DeBERTa-v3: How to keep ELECTRA-style task-head?

While DeBERTa-v2 was trained with masked language modelling (MLM), DeBERTa-v3 is an improved version pre-trained with the ELECTRA pre-training task (replaced token detection, RTD), which seems to be much more efficient than MLM. (see here: https://arxiv.org/pdf/2111.09543.pdf)

I want to load DeBERTa-v3 with its original RTD task head.

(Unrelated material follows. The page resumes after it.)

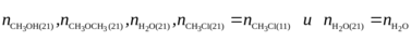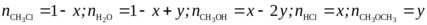 Введем обозначения: x-количество HCl, моль в равновесной смеси(в соответствии со стехиометрией реакции, такое же количество CH3Cl и H2O прореагировало и CH3OH образовалось по первой реакции); y- количество CH3OCH3,моль,в равновесной смеси (в соответствии со стехиометрией такое же количество H2O образовалось и в два раза большее количество CH3OH прореагировало по второй реакции).
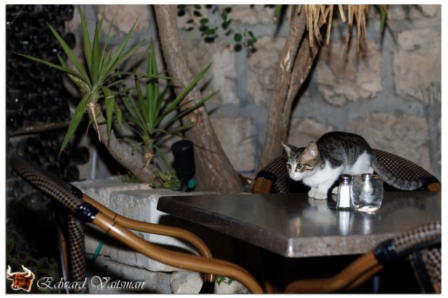 קינוחים… לקינוחים דווקא עברנו לשבת בחוץ. האוויר הירושלמי לא מחניק בערב כמו תל אביב או אשדוד… הלחות הרבה יותר נמוכה, ולכן זה פשוט נעים וכיף. אגב, ראיתי שם את הסועד המתוק ביותר במסעדה:

When I load it with the code below, however, Transformers always seems to delete the model head.

from transformers import AutoModel, AutoTokenizer, AutoConfig, AutoModelForPreTraining
model_name = "microsoft/deberta-v3-base"
discriminator = AutoModelForPreTraining.from_pretrained("microsoft/deberta-v3-base")  
tokenizer = AutoTokenizer.from_pretrained("microsoft/deberta-v3-base") 

# resulting warning:
Some weights of the model checkpoint at microsoft/deberta-v3-base were not used when initializing DebertaV2ForMaskedLM: ['lm_predictions.lm_head.dense.bias', 'mask_predictions.dense.weight', 'lm_predictions.lm_head.dense.weight', 'lm_predictions.lm_head.LayerNorm.bias', 'mask_predictions.LayerNorm.weight', 'mask_predictions.classifier.bias', 'lm_predictions.lm_head.bias', 'mask_predictions.LayerNorm.bias', 'deberta.embeddings.position_embeddings.weight', 'mask_predictions.classifier.weight', 'mask_predictions.dense.bias', 'lm_predictions.lm_head.LayerNorm.weight']
- This IS expected if you are initializing DebertaV2ForMaskedLM from the checkpoint of a model trained on another task or with another architecture (e.g. initializing a BertForSequenceClassification model from a BertForPreTraining model).
- This IS NOT expected if you are initializing DebertaV2ForMaskedLM from the checkpoint of a model that you expect to be exactly identical (initializing a BertForSequenceClassification model from a BertForSequenceClassification model).
Some weights of DebertaV2ForMaskedLM were not initialized from the model checkpoint at microsoft/deberta-v3-base and are newly initialized: ['cls.predictions.decoder.weight', 'cls.predictions.transform.LayerNorm.bias', 'cls.predictions.transform.dense.bias', 'cls.predictions.bias', 'cls.predictions.transform.dense.weight', 'cls.predictions.transform.LayerNorm.weight']
You should probably TRAIN this model on a down-stream task to be able to use it for predictions and inference.
Special tokens have been added in the vocabulary, make sure the associated word embeddings are fine-tuned or trained.

=> Question: is there some way to prevent Transformers from deleting the task-head?
I imagine that this is due to the fact that the DeBERTa config is for DeBERTa-v2 (with MLM head) but there is no config for v3.

I don’t have the same issue if I import ELECTRA with the code below. With ELECTRA, I can use the RTD head without a problem.

from transformers import ElectraForPreTraining, ElectraTokenizerFast
discriminator = ElectraForPreTraining.from_pretrained("google/electra-small-discriminator")  
tokenizer = ElectraTokenizerFast.from_pretrained("google/electra-small-discriminator")

I found the location of RTD model in GitHub → “DeBERTa/replaced_token_detection_model.py at master · microsoft/DeBERTa · GitHub

from DeBERTa.apps.models.replaced_token_detection_model import ReplacedTokenDetectionModel
from transformers import AutoTokenizer
model = ReplacedTokenDetectionModel.load_model(None,'/experiments/language_model/deberta_large.json')
model.load_state_dict(torch.load('pytorch_model.bin')
tokenizer = AutoTokenizer.from_pretrained('microsoft/deberta-v3-large')

input = tokenizer('The Chinese sports delegation is the last to enter the 2002 Winter Olympics',return_tensors='pt')
out = model(input_ids=input['input_ids'],input_mask=input['attention_mask'],labels=torch.tensor([0,0,0,0,0,0,0,0,0,0,0,1,0,0,0])
print(out['logits'])

Thanks for sharing, I will try it out!